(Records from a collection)
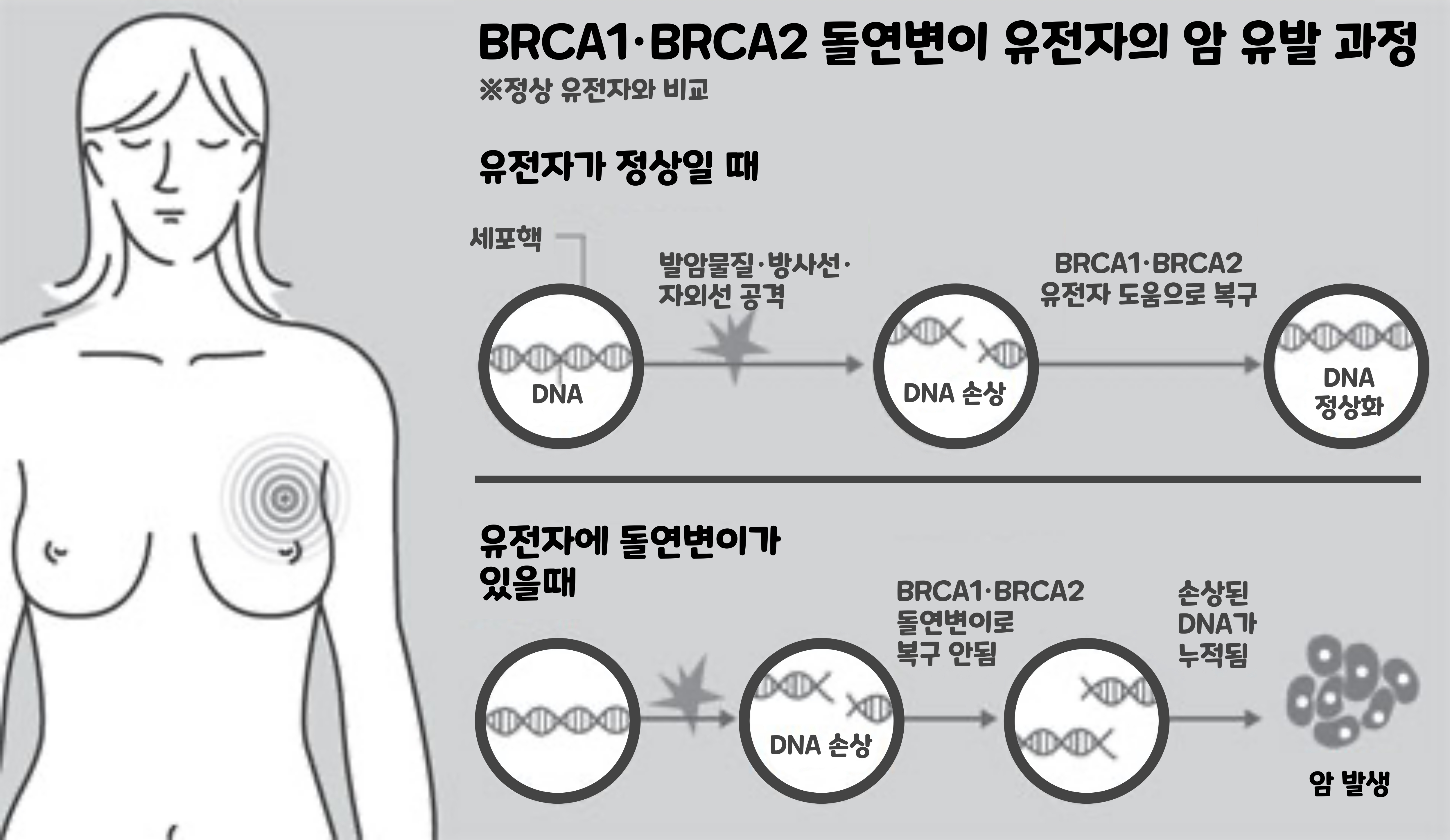2013년에 유명 배우 '안젤리나 졸리(Angelina Jolie, 1975~)'는 유방암 위험 제거를 위해 유방 제거 시술을 하였다. 안젤리나 졸리는 선천적으로 유방암 관련 유전자인 BRCA 유전자 돌연변이를 가지고 있어, 유방암에 걸릴 확률이 89%나 되었다. 미국 여성이 평생 유방암에 걸릴 확률이 약 10%이니, 이는 상당이 높은 확률이었다. BRCA 변이는 유방암 뿐만 아니라 난소암도 증가시키는 것으로 알려져 있는데, 안젤리나 졸리의 어머니와 이모는 각각 난소암과 유방암으로 사망했다. 이에 졸리는 예방 조치로 유방절제 시술을 받았고, 유방함 발병 확률을 5%로 낮추었다. 안젤리나 졸리의 유방절제술은 미국의 시사주간지 타임지 2013년 5월 27일 자에 실려, 이와 비슷한 상황의 다른 여성들에게 영향을 끼쳤다.
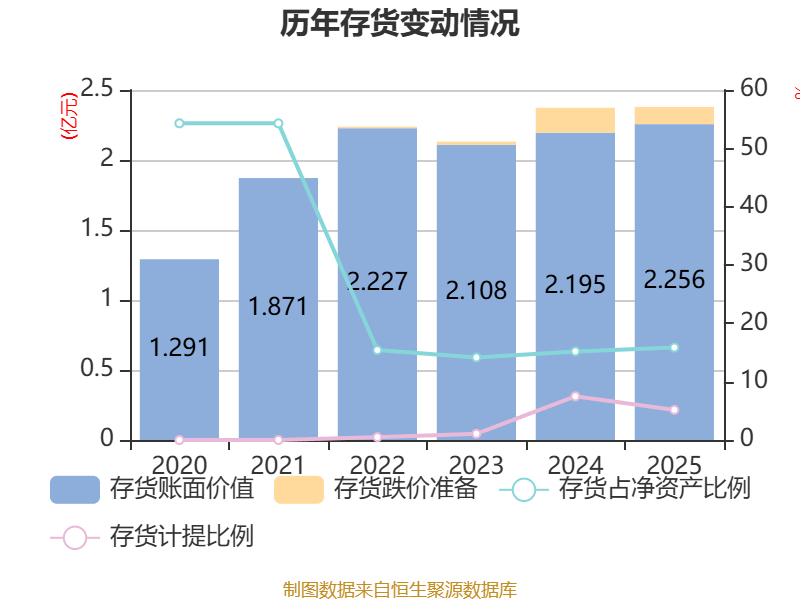 从存货变动来看,截至2025年末,公司存货账面价值为2.26亿元,占净资产的15.85%,较上年末增加612.53万元。其中,存货跌价准备为1228.46万元,计提比例为5.16%。
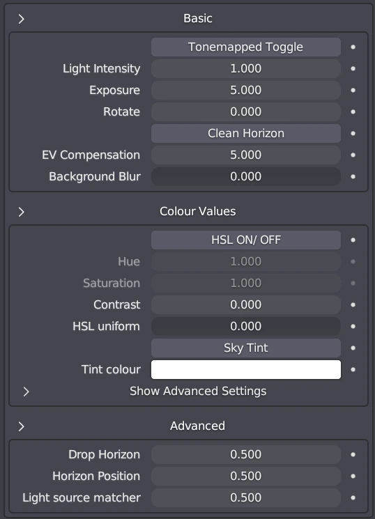 The shader is broken up into 4 distinct sections, in the UI using drop-down functions. This is to make the UI cleaner and allow the user to close information that is not needed. If you view this in the shader-editor, or the material properties, it will look like the image below (True-HDRI):
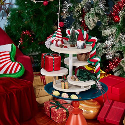 Yangbaga - يانج باغا حامل كب كيك دائري من 4 طبقات، حامل كيك خشبي مع صينية ديكور متعددة الطبقات لحفلات استقبال المولود واعياد الميلاد والزفاف والتخرج والهالوين والكريسماس
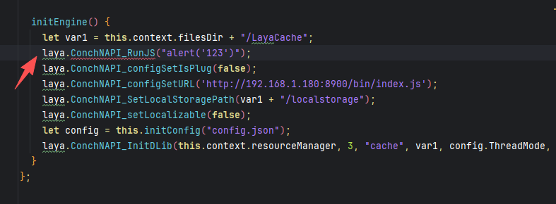 在文件中能进入进入arkTsFunc,但是laya.ConchNAPI_RunJS执行不了,alert出不来,调用全局函数也不行,用chrome确认全局函数可调用。
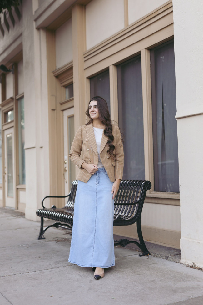 Pictured: Morning Stroll denim skirt & Coffee in Central Park blazer
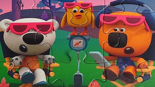 Кеша и Тучка тестируют новое изобретение. Собираем пазлы для малышей с героями мультфильма Мимимишки.
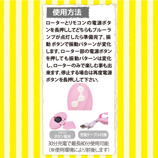 ローターにもスイッチが付いているため、単体での使用も可能!1人は勿論、パートナーと一緒に遊んで楽しもう♪リモコンはボタン電池を1個使用
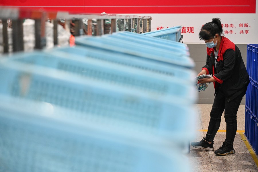A staff member works in a sports shoe company in Jinjiang City, southeast China's Fujian Province, May 14, 2022.(Photo by Zhou Yi/Xinhua)■

» **What you need to do**: Please copy the lines above exactly as written, apart from any pictures.

» **Solution for this exercise**:
2013년에 유명 배우 '안젤리나 졸리(Angelina Jolie, 1975~)'는 유방암 위험 제거를 위해 유방 제거 시술을 하였다. 안젤리나 졸리는 선천적으로 유방암 관련 유전자인 BRCA 유전자 돌연변이를 가지고 있어, 유방암에 걸릴 확률이 89%나 되었다. 미국 여성이 평생 유방암에 걸릴 확률이 약 10%이니, 이는 상당이 높은 확률이었다. BRCA 변이는 유방암 뿐만 아니라 난소암도 증가시키는 것으로 알려져 있는데, 안젤리나 졸리의 어머니와 이모는 각각 난소암과 유방암으로 사망했다. 이에 졸리는 예방 조치로 유방절제 시술을 받았고, 유방함 발병 확률을 5%로 낮추었다. 안젤리나 졸리의 유방절제술은 미국의 시사주간지 타임지 2013년 5월 27일 자에 실려, 이와 비슷한 상황의 다른 여성들에게 영향을 끼쳤다.
 从存货变动来看,截至2025年末,公司存货账面价值为2.26亿元,占净资产的15.85%,较上年末增加612.53万元。其中,存货跌价准备为1228.46万元,计提比例为5.16%。
 The shader is broken up into 4 distinct sections, in the UI using drop-down functions. This is to make the UI cleaner and allow the user to close information that is not needed. If you view this in the shader-editor, or the material properties, it will look like the image below (True-HDRI):
 Yangbaga - يانج باغا حامل كب كيك دائري من 4 طبقات، حامل كيك خشبي مع صينية ديكور متعددة الطبقات لحفلات استقبال المولود واعياد الميلاد والزفاف والتخرج والهالوين والكريسماس
 在文件中能进入进入arkTsFunc,但是laya.ConchNAPI_RunJS执行不了,alert出不来,调用全局函数也不行,用chrome确认全局函数可调用。
 Pictured: Morning Stroll denim skirt & Coffee in Central Park blazer
 Кеша и Тучка тестируют новое изобретение. Собираем пазлы для малышей с героями мультфильма Мимимишки.
 ローターにもスイッチが付いているため、単体での使用も可能!1人は勿論、パートナーと一緒に遊んで楽しもう♪リモコンはボタン電池を1個使用
A staff member works in a sports shoe company in Jinjiang City, southeast China's Fujian Province, May 14, 2022.(Photo by Zhou Yi/Xinhua)■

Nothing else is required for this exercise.